Американская интервенция в Сибири. 1918–1920 - [88]
Что касается поведения британцев в Сибири, то генерал Нокс, который к формированию британской политики имел отношение больше, чем любой другой британец, не разделял взглядов Ллойд Джорджа. Считая Колчака русским либералом, он полагал, что после того, как британцы сделают его Верховным правителем, большевизм быстро исчезнет. Мое решительное утверждение, что британцы собирались дать власть Колчаку, основано на следующем заявлении мистера Уинстона Черчилля в палате представителей относительно правительства Колчака: «Британское правительство воплотило это в жизнь своими собственными усилиями, когда в этом возникла необходимость».
Это заявление вкупе с действиями британских войск в Омске в ночь, когда была свергнута Директория и Колчак провозглашен Верховным правителем, весьма показательно демонстрируют намерения Британии.

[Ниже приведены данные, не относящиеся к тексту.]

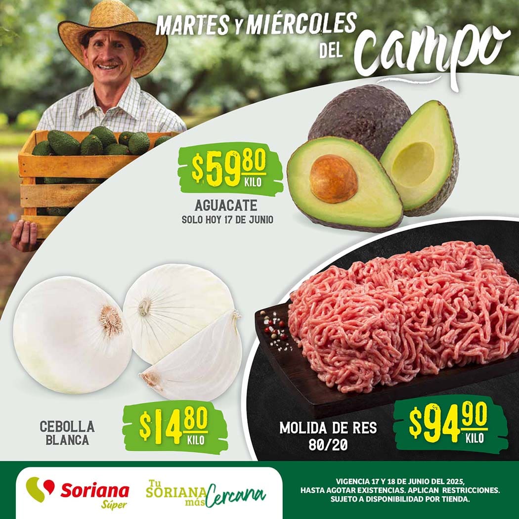 El Martes y Miércoles del Campo de tiendas Soriana Súper presentan las siguientes ofertas en carnes, frutas y verduras válidas los días 17 y 18 de junio de 2025, en el que encontrarás precios especiales en sucursales participantes toda la semana. Les comparto la lista completa de precios para que surtas tu despensa y ahorres varios pesos.

При царском режиме генерал Нокс был военным атташе в России. Он говорил по-русски и, несомненно, считал, что понимает русских людей. Возможно, он действительно понимал характер и особенности тех русских людей, с которыми общался в Петрограде, но мне трудно поверить, что он понимал чаяния огромных масс русского народа. Если бы он понимал этих людей, он не мог бы думать, как, очевидно, думал, что русские рабочие и крестьяне возьмут в руки оружие и пойдут воевать, чтобы отдать власть сторонникам Колчака, которые совершали такие зверства против людей, от которых они ждали военной поддержки. Генерал Нокс как-то высказал мне мысль, что «бедные русские люди просто свиньи».
Я лично никогда не думал, что у Колчака был шанс утвердить в Сибири свое правление, а вера генерала Нокса и ему подобных, что в массе бедные русские люди свиньи и с ними можно обращаться как со свиньями, лишь ускорила его падение.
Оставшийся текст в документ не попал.